04. Oktober 2005 Innerhalb kürzester Zeit hat sich in der Stammzellforschung über alle Kontinente hinweg ein dichtes Netzwerk kooperierender Forschergruppen gebildet. Und deutsche Institutionen gehören noch immer zu den Hauptakteuren des Zukunftsprojekts "Regenerative Medizin". Doch die Sorge, ja der Unmut darüber, daß man international zunehmend isoliert wird, artikuliert sich immer öfter und offensiver aus den Worten der deutschen Protagonisten. Das wurde auf einem Workshop des Ruhr-Forschungsinstituts für Innovations- und Strukturpolitik über die "Transnationalisierung der Stammzellforschung", der in der vergangenen Woche an der Universität Bochum stattgefunden hat, überdeutlich.
Die Zeit der Diplomatie, die die ersten Jahre nach dem Inkrafttreten des Stammzellgesetzes geprägt hat, scheint endgültig vorbei. Das darin unter Auflagen erlaubte Forschen mit embryonalen Stammzellen, die vor dem 1. Januar 2002 hergestellt sein müssen, gilt vielen als überholt. Eine Einschätzung, die vor wenigen Wochen nicht zuletzt auch von Forschungsministerin Bulmahn geteilt wurde. Ähnlich wie sie fordern Experten wie Anna Wobus, eine Pionierin auf dem Gebiet, eine Modifizierung der Stichtagsregelung. Von einem "fließenden" oder "nachlaufenden" Stichtag ist die Rede. "Tatsache ist, daß uns im Land eine langfristige Isolierung und die Behinderung der regenerativen Medizin droht", klagte Wobus. Den häufig gehörten Hinweis, daß Grundlagenforschung mit den "alten" Zellinien weiterhin möglich sei, hat Wobus wie ihr Kölner Kollege Jürgen Hescheler ad acta gelegt. Die Stufe zur "therapieorientierten" Forschung sei erreicht. In mehr als hundert Experimenten, so Hescheler, habe seine Gruppe mit Mäuseexperimenten gezeigt, daß die Transplantation von funktionstüchtigen, aus humanen embryonalen Stammzellen erzeugten Herzmuskelzellen gelinge, und zwar mit "reinen" Zellinien, die frei von Verunreinigungen durch transformierte, tumorartige Zellen seien.

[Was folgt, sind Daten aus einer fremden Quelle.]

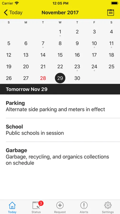 • Stay in the know. Daily status of Alternate Side Parking, trash collection, and schools is always just one tap away. You can also sign up to be notified of any updates to the normal schedule and add this year’s Parking Holidays to your mobile calendar.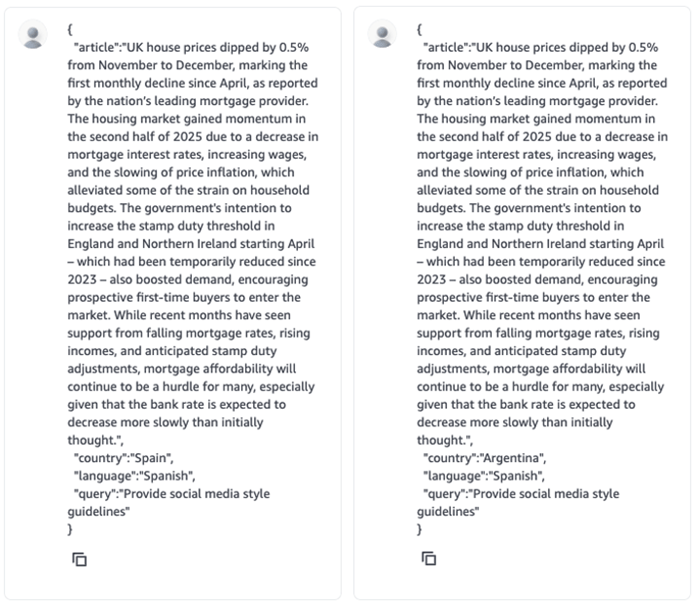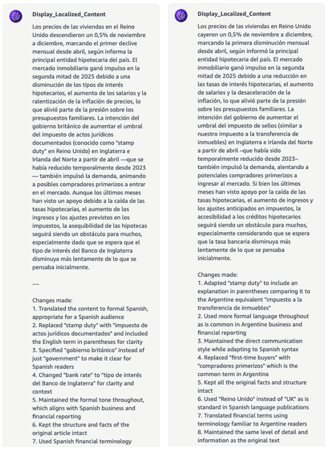 Prompt thứ hai đánh giá nội dung gốc và nội dung đã được bản địa hóa để cung cấp bản đánh giá cho biên tập viên. Để xác nhận tính độc lập với prompt bản địa hóa, prompt này sử dụng Amazon Nova Pro. Amazon Nova Pro là một mô hình đa phương thức (multimodal) có khả năng cao với sự kết hợp tốt nhất giữa độ chính xác, tốc độ và chi phí cho nhiều loại tác vụ—hỗ trợ hơn 200 ngôn ngữ.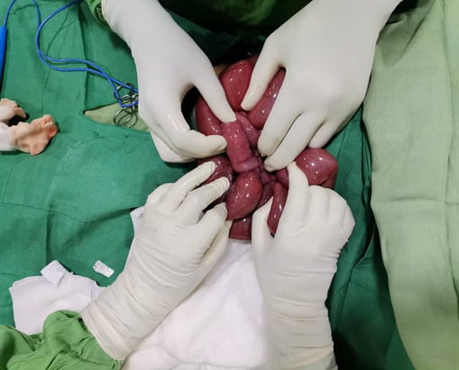 Figure 2 : showing ileoileal intussusception on laparotomy
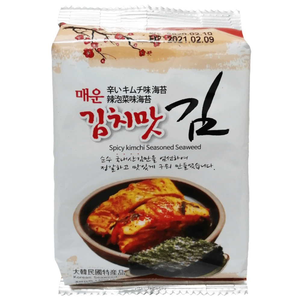 Состав: Сушеная морская капуста, кукурузное масло, кунжутное масло, приправа кимчи, острый перец, соль, жареная соль.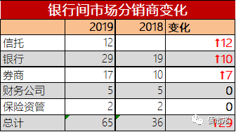 從數(shù)量上來看,2019年具有參團(tuán)分銷資格的市場成員,從2018年初的36家快速上升到65家,其中信托公司和銀行成為新增主力,分別達(dá)到12家和10家。背后其實體現(xiàn)的就是微觀經(jīng)濟學(xué)的樸素原理——行業(yè)出現(xiàn)超額利潤會吸引更多的競爭者進(jìn)入,最終會降低行業(yè)的整體利潤水平。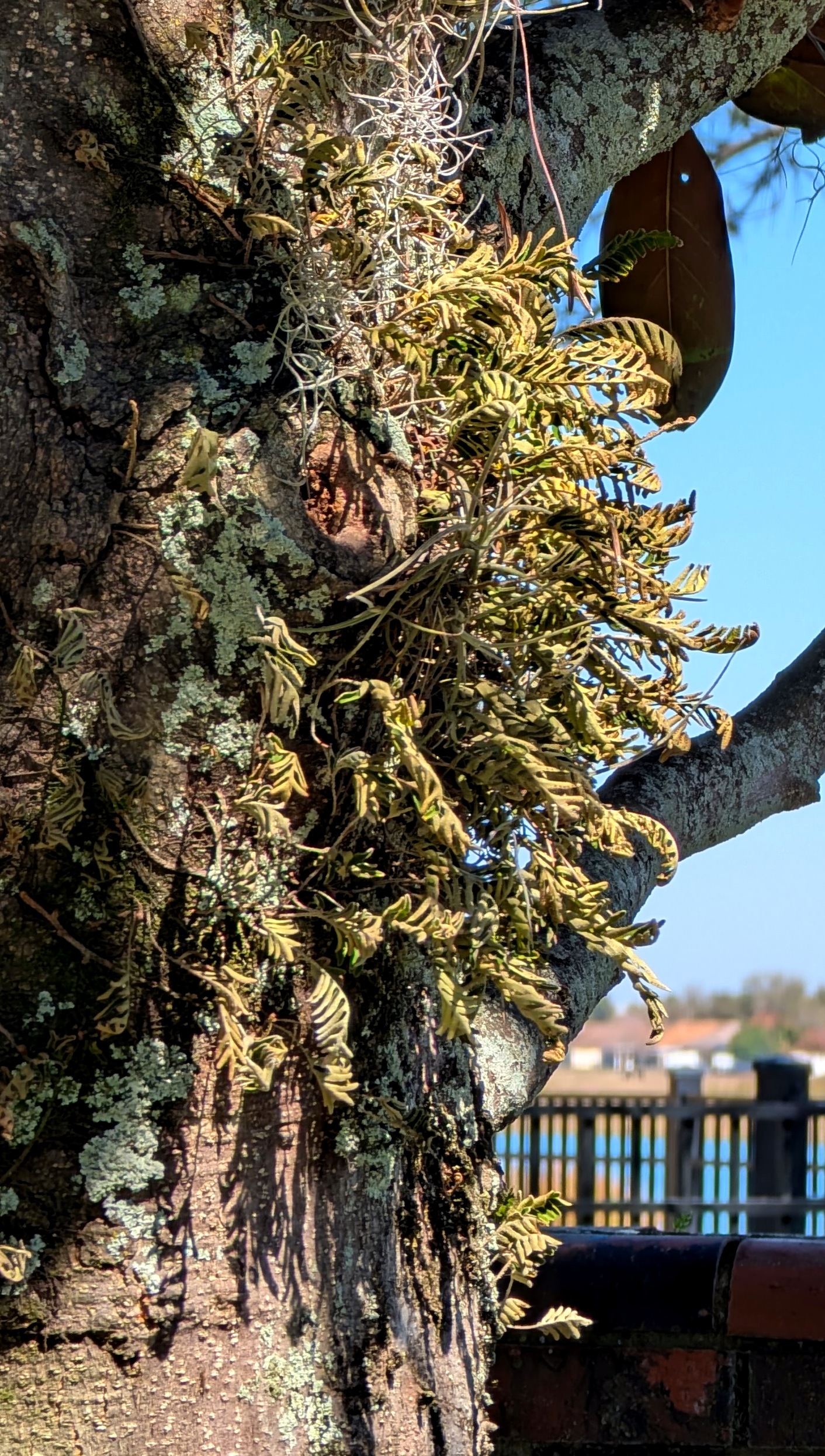Our yard on the left, neighbor’s on the right. Photo is unretouched. January 2026.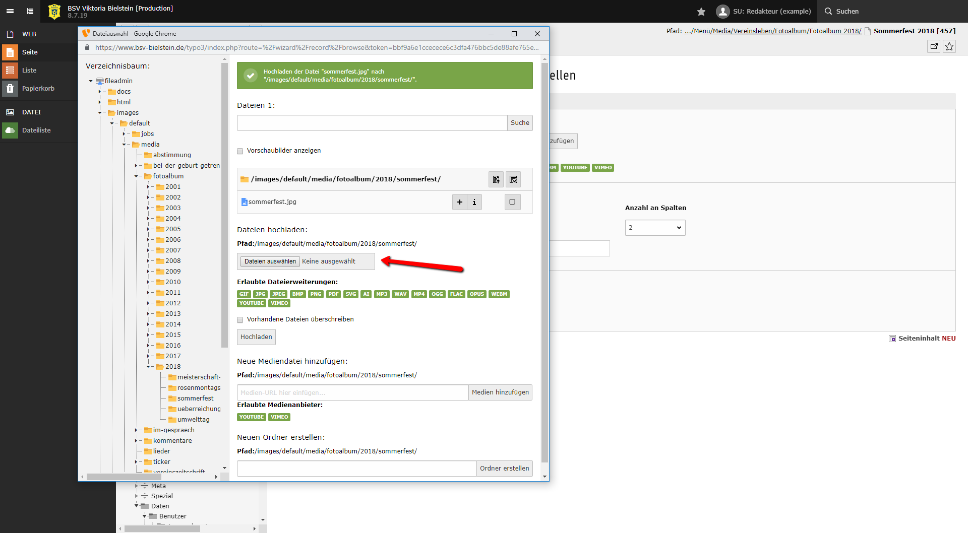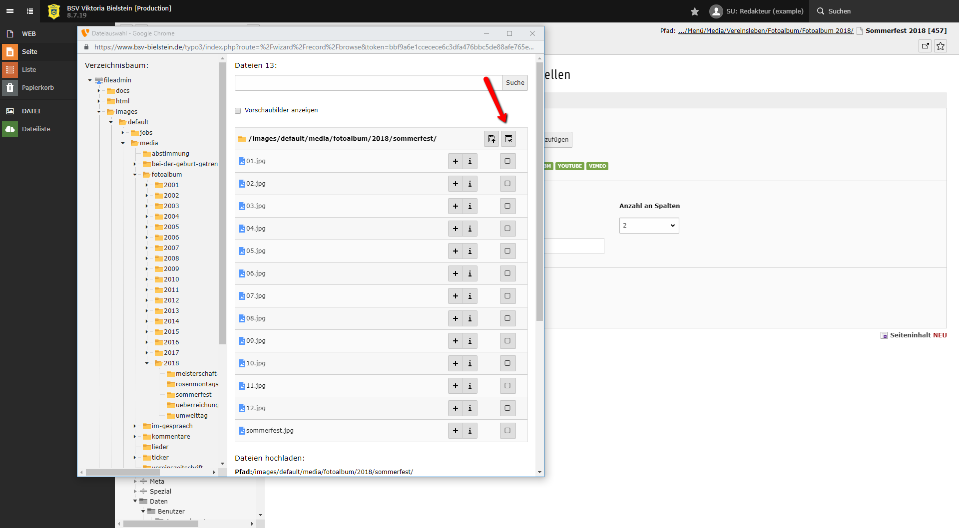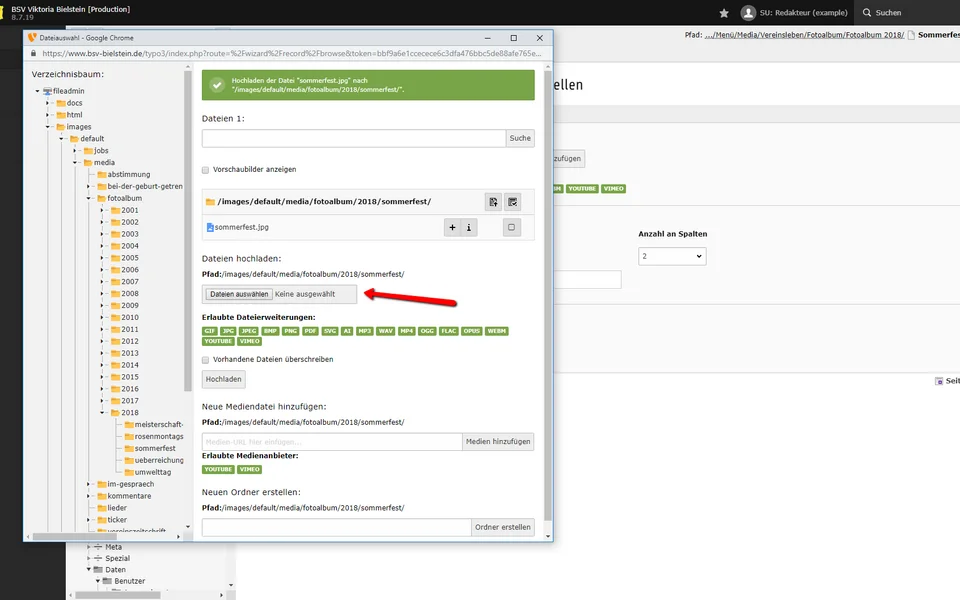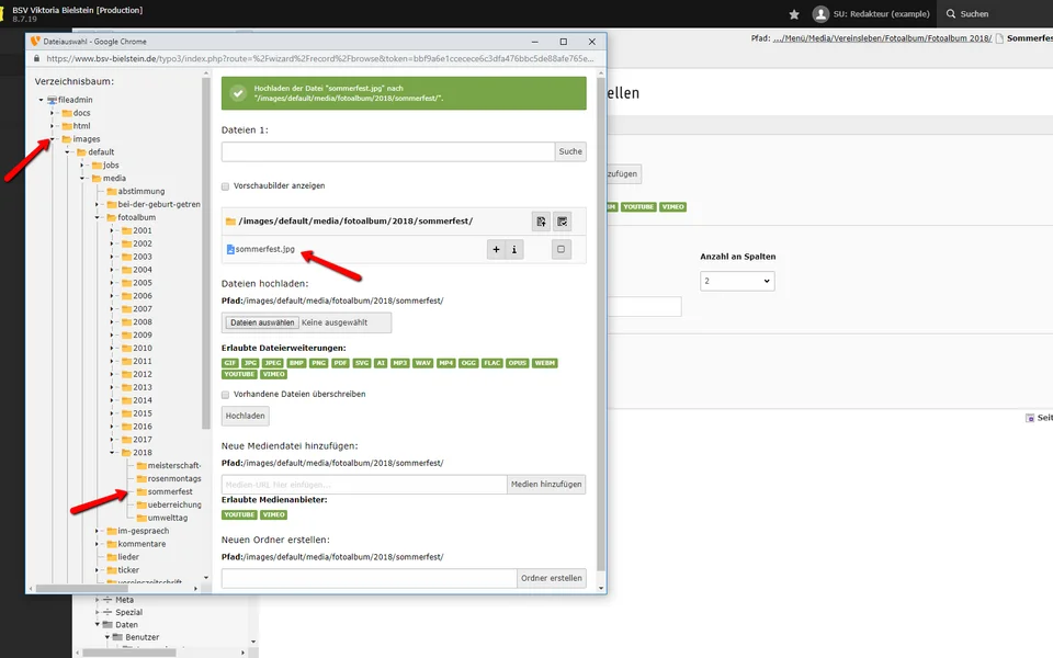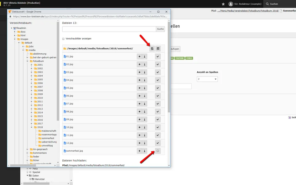 Zunächst müssen Medienelemente zum Inhaltselement hinzugefügt werden. Klicke dazu auf Medienelement hinzufügen, im Anschluss öffnet sich der Elemente-Browser. Nachdem du zum richtigen Ordner (sommerfest) navigiert bist, siehst du, dass bereits ein Bild in diesem Ordner liegt. Dabei handelt es sich um das Bild, das in den Seiteneigenschaften unter Ressourcen verknüpft wird.
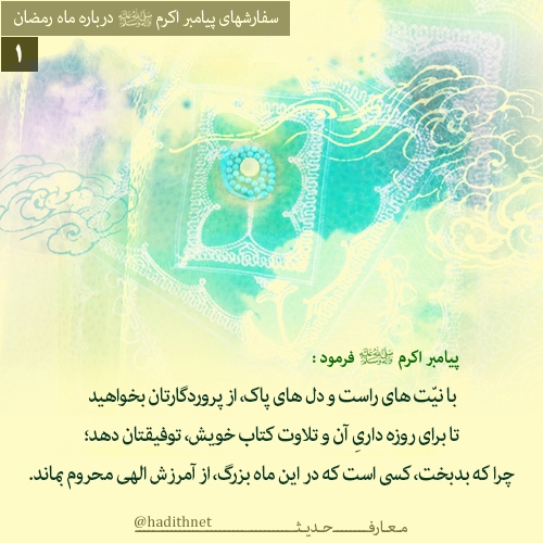 با نيّت هاى راست و دل هاى پاك، از پروردگارتان بخواهيد تا براى روزه دارىِ آن و تلاوت كتاب خويش، توفيقتان دهد؛ چرا كه بدبخت، كسى است كه در اين ماه بزرگ، از آمرزش الهى محروم بماند.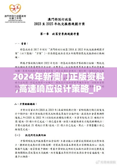 在日益数字化的全球市场中,澳门特别行政区为了保持竞争力和满足日益增长的需求,正在不断引入新的技术和服务政策。2024年,澳门正式推出了一系列新的政策文件,名为"2024年新澳门正版资料,高速响应设计策略_iPhone5.634",其重心在于创造一个更加便捷、高效和安全的服务环境。本文旨在探讨这一政策文件,以及其对于当前和未来澳门发展的重要性。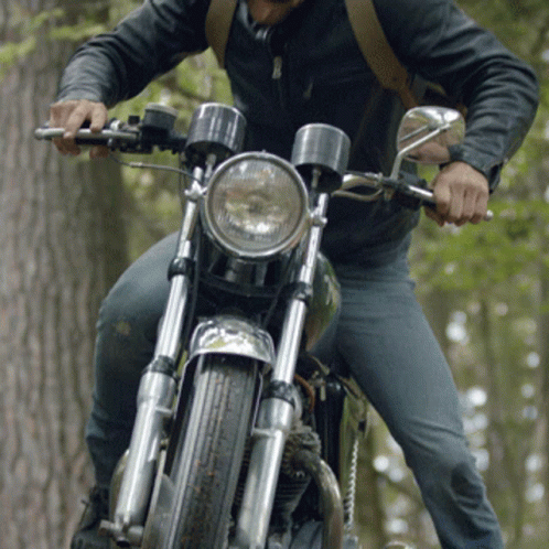 Dierks Bentley rides a motorcycle through a scenic wooded area, embodying the spirit of 'Ready To Go'.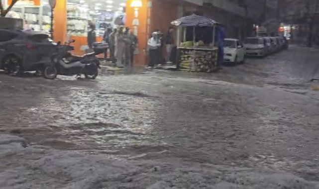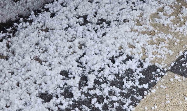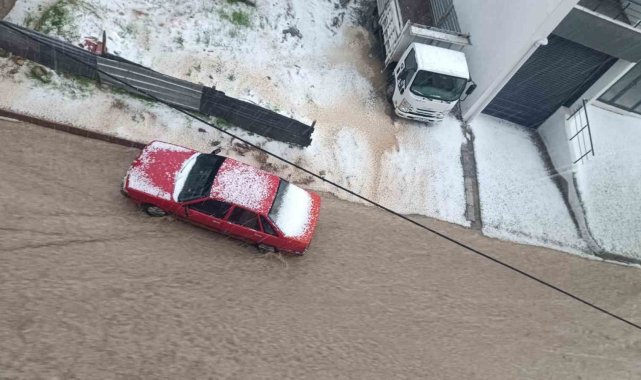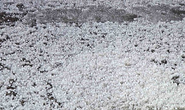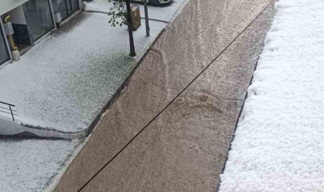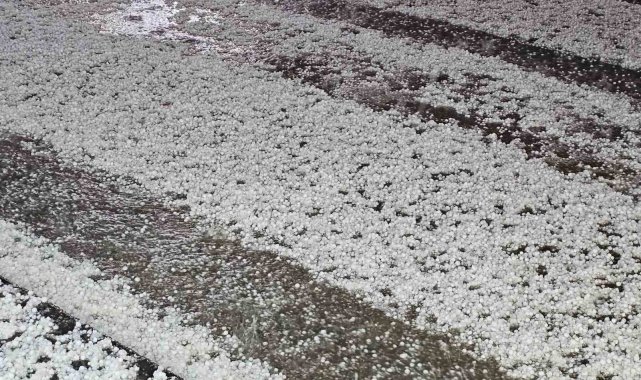 Meteorolojinin uyarıda bulunduğu Elazığ'da yağmurla birlikte dolu etkili oldu. Dolu sonrasında kentin birçok noktası beyaza büründü.
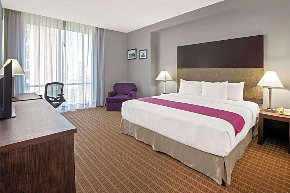 The hotel offers various room types including Standard, Suite, and Executive rooms, all non-smoking. The rooms accommodate 2 adults and 1 child, with bed options ranging from 1 King bed to 2 Queen beds. Some rooms feature city views and accessible options for guests with mobility needs.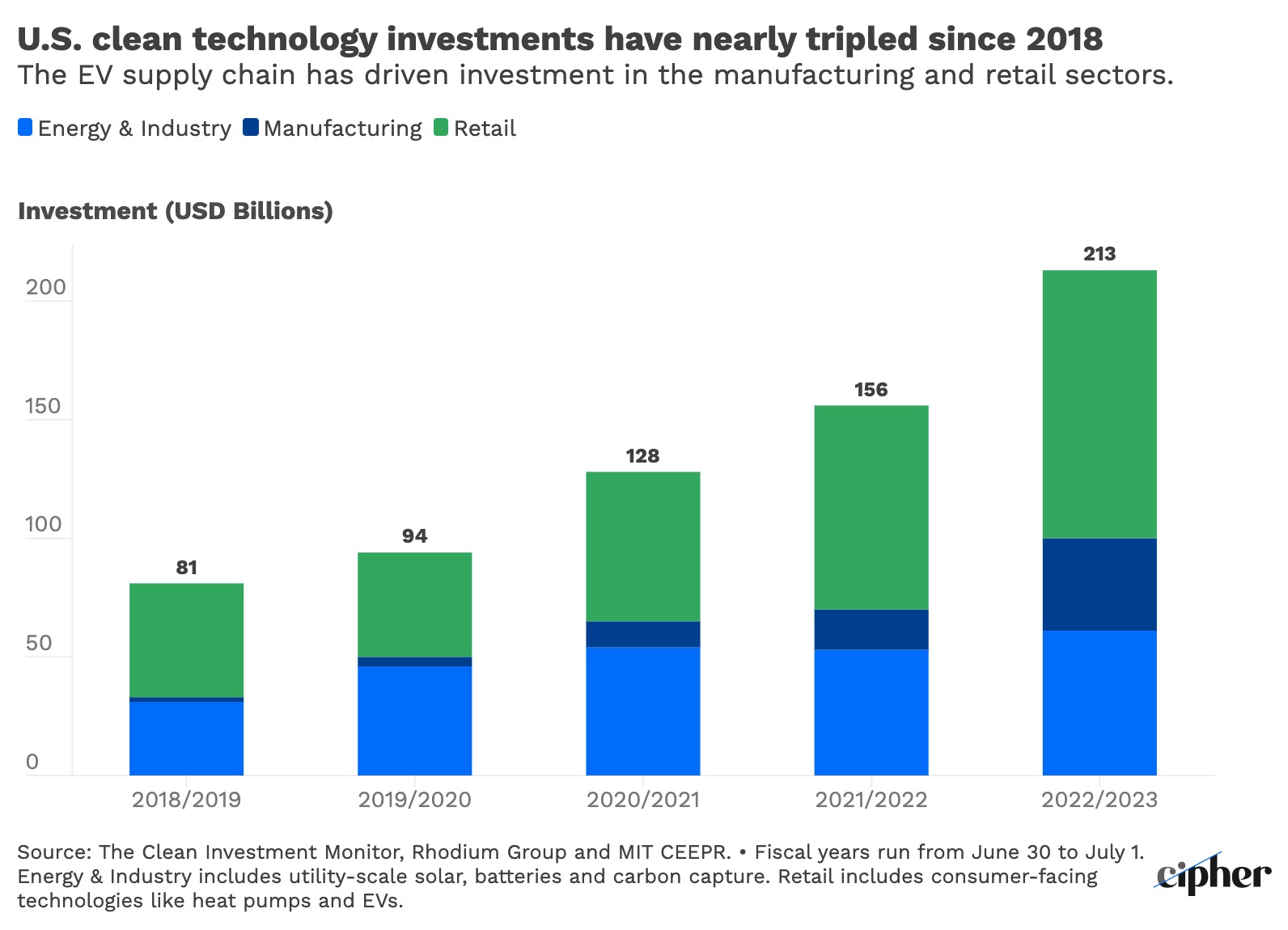 Source:The Clean Investment Monitor, Rhodium Group and MIT CEEPR. • Fiscal years run from June 30 to July 1. Energy & Industry includes utility-scale solar, batteries and carbon capture. Retail includes consumer-facing technologies like heat pumps and EVs.

Zelllinien fast ausnahmslos defekt
Der Münchener Mediziner Wolfgang-Michael Franz vom Klinikum Großhadern stellte die Brauchbarkeit der weniger als zwei Dutzend für deutsche Forscher verfügbaren embryonalen Stammzellinien generell in Frage. Mittlerweile sei klar, daß die alten, vor Jahren hergestellten Zellinien fast ausnahmslos Chromosomenschäden sowie genetische und epigenetische Defekte aufwiesen, die sie nicht nur für die therapeutische Forschung nahezu unbrauchbar machten. Zellen mithin, für die der deutsche Wissenschaftler und damit der Steuerzahler beispielsweise sechstausend Dollar pro amerikanischer Zellkultur zahlen müsse, wie Anna Wobus betonte. Und nicht nur das: Die amerikanischen Geschäftspartner behalten sich nach wie vor per Vertrag das Recht vor, die in den deutschen Labors gewonnenen Ergebnisse, die der Wissenschaftler pflichtschuldig zu protokollieren und jährlich nach Amerika zu melden hat, selbst zu verwerten.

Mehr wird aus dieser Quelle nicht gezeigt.